Here is another edition of my Roubo saga. Been sitting on this footage for about a month now and finally got it edited and put out. In this episode I will rout the grooves for the sliding leg vise. But first I need to make sure all the joinery points on the bottom of the bench top are flat. Then it’s time to make the mother of all mortises to install the legs. Finally I give you a little tutorial on making pegs and draw boring joints.
Since this footage was shot I have finished the leg vise and you can see it if you look close in one of the opening photos. I’ll post that part soon, but really y’all are caught up to my progress now.
Oh yeah, let me know what you think of my new opening credits segment with episode specific shots.


4 responses so far ↓
1 Bob Rozaieski // Dec 9, 2009 at 8:38 am
Bench looks great Shannon! You probably mentioned it in the video and I probably just missed it, but what are the two metal channels that you routed into the bottom of the bench top for?
2 Shannon // Dec 9, 2009 at 11:56 am
Thanks Bob. You know I may not have mentioned the purpose of those grooves let alone the steel reinforcement. I have been working on this bench for so long and the design is now second nature so sometimes what is in my head as obvious is not to my audience. The groove is for a sliding leg vise. Were I just using a sliding deadman I would not reinforce it, but due to the pressures exerted by a vise I installed the steel to prevent the front edge of the bench top from bowing out. The sliding vise assembly will have a tenon at the top and a V groove at the bottom that will ride on the V shaped lower stretcher. I put the groove on both sides of the bench to allow for greater versatility if I was working from both sides of the bench simultaneously. Probably won’t happen much but it would be next to impossible to go back and rout it after the fact.
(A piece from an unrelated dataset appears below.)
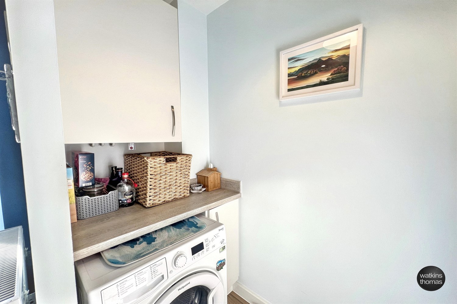 With a fitted working surface having plumbing below for washing machine, cupboard and with a cabinet over in which is housed the wall mounted gas fired boiler which provides central heating and domestic hot water. Door to:

3 Torch02 // Dec 14, 2009 at 11:19 am
I love these bench assembly videos – I’m sure I’ll be coming back to them once I start on my bench. I’m just catching up on these videos, so I apologize if you covered this in an earlier video, but why did you make the tenons for the stretchers more like half-lap joints, instead of having them centered on the board? Is there a strength element in the decision?
4 Shannon // Dec 14, 2009 at 2:11 pm
There are a couple of reasons. First it was easier and faster to build them this way since I laminated two boards together. Second this allows me to build a really thick tenon while still having a thick mortise wall in the leg. So the answer is both structurally as well as ease of execution.